Here we compared the performance of DNA-RNA, DNA-LNA and DNA oligonucleotides in template-switching during nanoCAGE library preparation. Test libraries from rat muscle and HeLa cell RNA were prepared in technical triplicates and sequenced for comparison of the gene coverage and distribution of the reads within transcripts. The DNA-RNA oligonucleotide showed the highest specificity for capped 5′ ends of mRNA, whereas the DNA-LNA provided similar gene coverage with more reads falling within exons.
While confirming the cap-specific preference of DNA-RNA oligonucleotides in template-switching reactions, our data indicate that DNA-LNA hybrid oligonucleotides could potentially find other applications in random RNA sequencing.
KeywordsCAGE Template-switching LNA Transcriptome Quantitative sequencing
New generations of high-speed sequencing instruments in combination with dedicated sample preparation protocols can provide results within a few days. We have developed nanoCAGE to identify each transcript by a single sequencing read [1, 2]. The nanoCAGE protocol is most suitable for digital expression profiling with benchtop sequencers as it can use a lower number of reads than any RNA-seq method and avoids normalization of read counts over transcript length. Including a cap-enrichment step, nanoCAGE focuses on sequencing tags from the 5′ end of mRNA that directly indicate expression at defined genomic locations, the transcription start sites (TSS), after mapping to a reference genome.
NanoCAGE libraries are prepared in a two-step process comprising a reverse transcription reaction followed by stepwise PCR. During the reverse transcription reaction a template-switching oligonucleotide is added to directly introduce 5′ adapter sequences for PCR and Illumina sequencing. Further, the 5′ adapter can include different barcodes to facilitate multiplex sequencing . The 3′ adapter sequences needed for PCR and Illumina sequencing are introduced by the reverse-transcription primers and the later PCR. We prefer the use of random primers to cover also non-polyadenylated transcripts in the libraries.
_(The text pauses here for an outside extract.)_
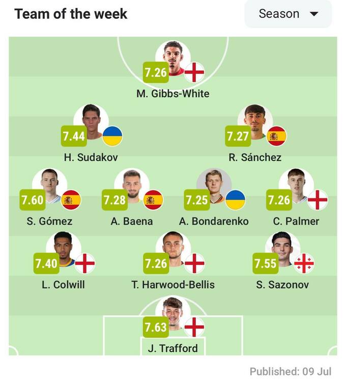 Символічна збірна Євро-2023 U-21 за версією SofaScore:

Template-switching allows for cDNA preparation from very small RNA amounts, where even protocols have been published for the analysis of single-cells [4–6]. However, the selectivity for the cap-dependent enrichment of 5′ ends in mRNA can vary: template-switching has been used in cap-specific reactions for the preparation of full-length cDNA libraries  and 5′ RACE experiments , but also unspecific reactions are possible, for example in the preparation of RNA-seq libraries from fragmented RNA . Depending on the intended use of the template-switching reaction, it is therefore very important to find optimal conditions for cap-specific and cap-independent reverse transcription reactions. Commonly RNA-hybrid oligonucleotides are used in template-switching reactions because they provide cap-selectivity [7, 10]. The use of DNA oligonucleotides in template-switching reactions has also been reported by , but it is hard to draw general conclusions from that work, since, there is no comparison with DNA/RNA hybrids, and the target RNA was prokaryotic, and therefore not capped.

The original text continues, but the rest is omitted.